Canadian Cultural Diversity: Gender, Minorities and Public Life

Before curtailing her recent trip to Europe to deal with the political situation at home, Governor General of Canada, Her Excellency Michaëlle Jean was participating in a discussion about Canadian culture diversity at Masaryk University in Brno, Czech on November 29, 2008.

Her blog CitizenVoices.gg.ca reprints notes from two related talks:

…Canada is currently working with two diversity agendas:

1. Recognition agenda: recognizing cultural differences, helping minorities express their distinct identities and practices; and building practices and processes that allow for a plurality of approaches for a plurality of needs (i.e. fairness commission, enhanced settlement and integration programs with increased funding).

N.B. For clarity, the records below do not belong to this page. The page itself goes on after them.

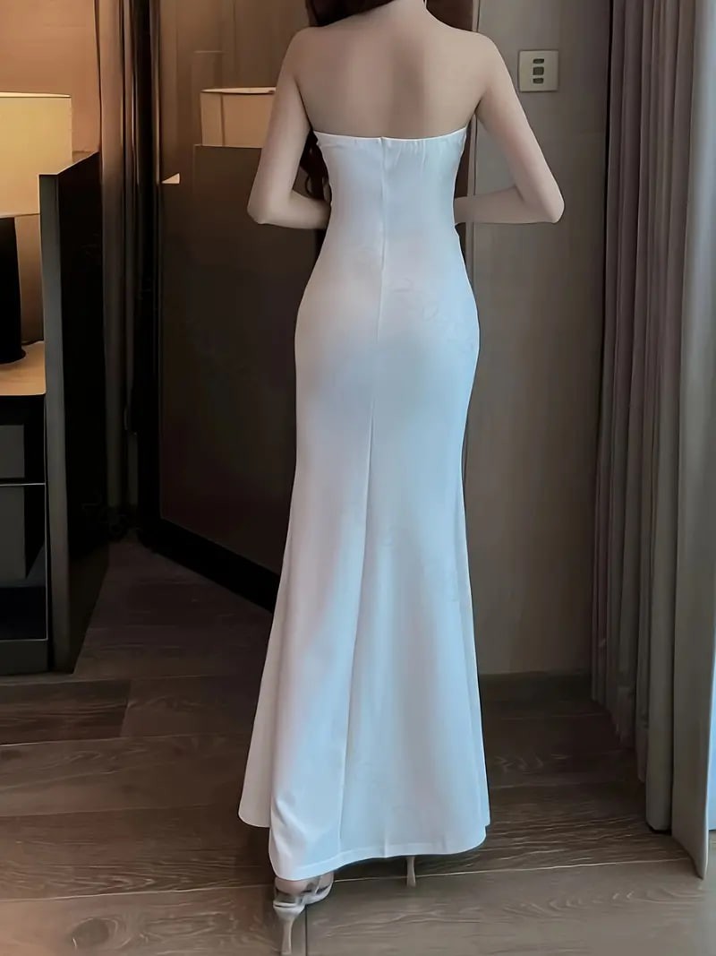 Solid Cut Out Split Thigh Tube Dress, Elegant Sleeveless Strapless Bodycon Dress, Women's Clothing
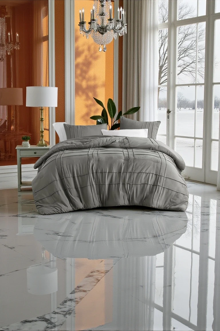 Brand new slate 3-piece comforter set (comforter + 2 pillowcases). Clean, simple, zero drama.
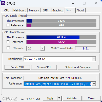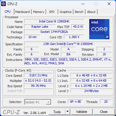 | Процессор | i9-13900HK: 6 P-ядер с поддержкой HT на частоте от 2,6 ГГц до 5,4 ГГц, 8 E-ядер на частоте от 1,9 ГГц до 4,1 ГГц; TDP 45 Вт (до 115 Вт) |

2. Integration agenda: bringing minorities into the mainstream, strengthening mutual support and solidarity, and identifying and reinforcing the bonds of a common community (i.e. increased participation of minorities on boards, agencies and commissions, and increased representation in the electoral system).

  • Women & Minorities by Dr. Constance Backhouse, C.M, Professor of Law, University of Ottawa. Backhouse spoke about a case involving Viola Desmond,

an African-Canadian woman who owned and operated a beauty salon in the city of her birth, Halifax, Nova Scotia. She was on a business trip en route to Sydney in 1946, when her automobile broke down, and she was forced to stop in New Glasgow, Nova Scotia, for repairs. While waiting, she chose to take in a movie at the town’s local theatre. What happened there set off a chain of events that catapulted her into prison and placed Canadian racism on shameful display.

After telling the story, she goes on to explain part of the lesson:

For those of us who seek to challenge injustice, it sometimes seems that we lose more often than we win. There is a temptation to become cynical, to retreat, to lose hope. Yet ironically, from the seeds of this loss came a flowering of change. The loss galvanized the forces for change within the Black community, where there was a dramatic upsurge in race consciousness. Speaking years later, Nova Scotia’s most prominent Black Baptist minister, Dr. William Pearly Oliver, tried to explain the enormous symbolic significance of the case: “This meant something to our people. Neither before or since has there been such an aggressive effort to obtain rights. The people arose as one and with one voice. Much of the positive action that has since taken place stemmed from this.”

What stands out for me with notes from both of these talks is that they admit that in Canada we are not perfect in striving to build a diverse culture or, as Backhouse so eloquently says, “our pride in multicultural diversity and constitutional equality has uncertain roots.” Yet, I come away after reading both with hope for the future.